ACTIVITY: In the listing that follows, print every line exactly and leave the images out.

GIVEN INFORMATION:
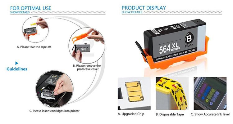 Item Tittle-- Ink Cartridge Replacement for HP 564XL (Black,Photo Black,Cyan,Magenta,Yellow) Photo Smart 5510 7510 Combo Deskjet High Yield
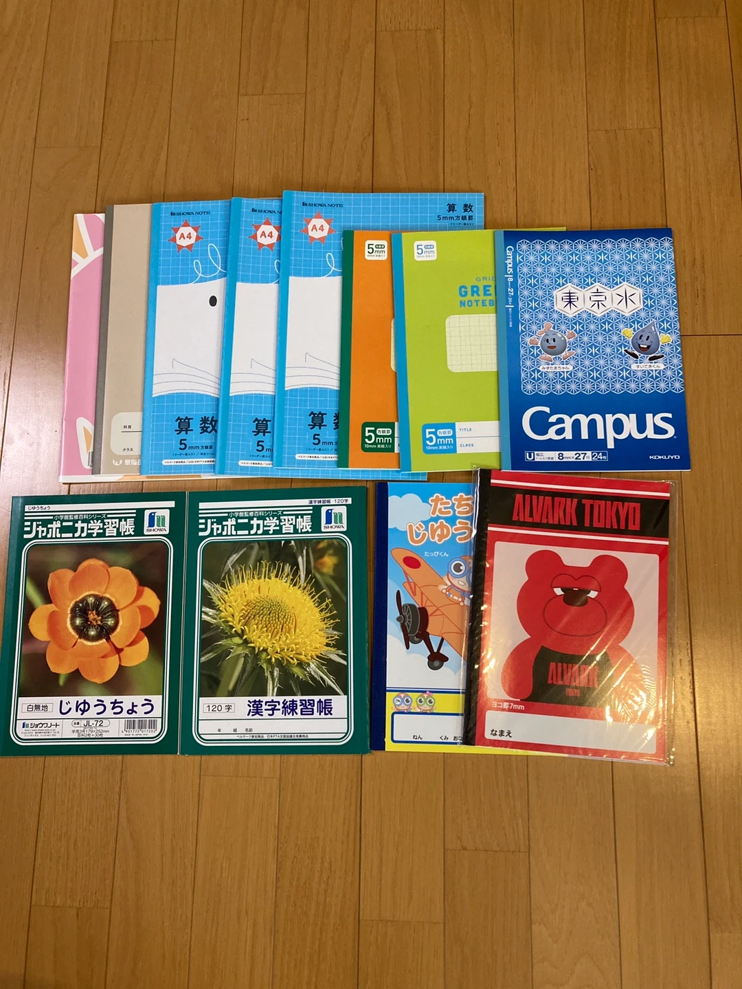 学習ノートのまとめ売りです 早稲アカ、四谷大塚ノート2冊 A4算数5㍉方眼3冊 薄いグリーン紙5㍉方眼2冊 東京水のキャンパスノート1冊 たちひじゆうちょう1冊 ALVARKTOKYO横7㍉1冊 ジャポニカ学習帳 じゆうちょう1冊 漢字練習帳1冊 の全部12冊です。 未使用ですが、多少の角スレなどあります。 中古品であることご了承ください
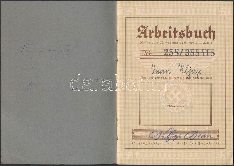 1935 Harmadik birodalmi munkakönyv / Dritte Reich Arbeitsbuch / Third ... https://www.darabanth.com/hu/276-Gyorsarveres/276.0/Festmeny-mutargy-papirregiseg-egyeb/Okmanyok~200017/1935-Harmadik-birodalmi-munkakonyv-Dritte-Reich-Arbeitsbuch-Third-Reich-labour-book-15C39711-cm~II1413004
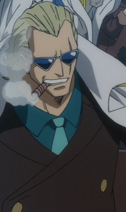 - ↑ One Piece Movie — One Piece Filme: Z, Cancer participa de uma reunião sobre Zephyr.

RESULT OF THIS TASK:
 Item Tittle-- Ink Cartridge Replacement for HP 564XL (Black,Photo Black,Cyan,Magenta,Yellow) Photo Smart 5510 7510 Combo Deskjet High Yield
 学習ノートのまとめ売りです 早稲アカ、四谷大塚ノート2冊 A4算数5㍉方眼3冊 薄いグリーン紙5㍉方眼2冊 東京水のキャンパスノート1冊 たちひじゆうちょう1冊 ALVARKTOKYO横7㍉1冊 ジャポニカ学習帳 じゆうちょう1冊 漢字練習帳1冊 の全部12冊です。 未使用ですが、多少の角スレなどあります。 中古品であることご了承ください
 1935 Harmadik birodalmi munkakönyv / Dritte Reich Arbeitsbuch / Third ... https://www.darabanth.com/hu/276-Gyorsarveres/276.0/Festmeny-mutargy-papirregiseg-egyeb/Okmanyok~200017/1935-Harmadik-birodalmi-munkakonyv-Dritte-Reich-Arbeitsbuch-Third-Reich-labour-book-15C39711-cm~II1413004
 - ↑ One Piece Movie — One Piece Filme: Z, Cancer participa de uma reunião sobre Zephyr.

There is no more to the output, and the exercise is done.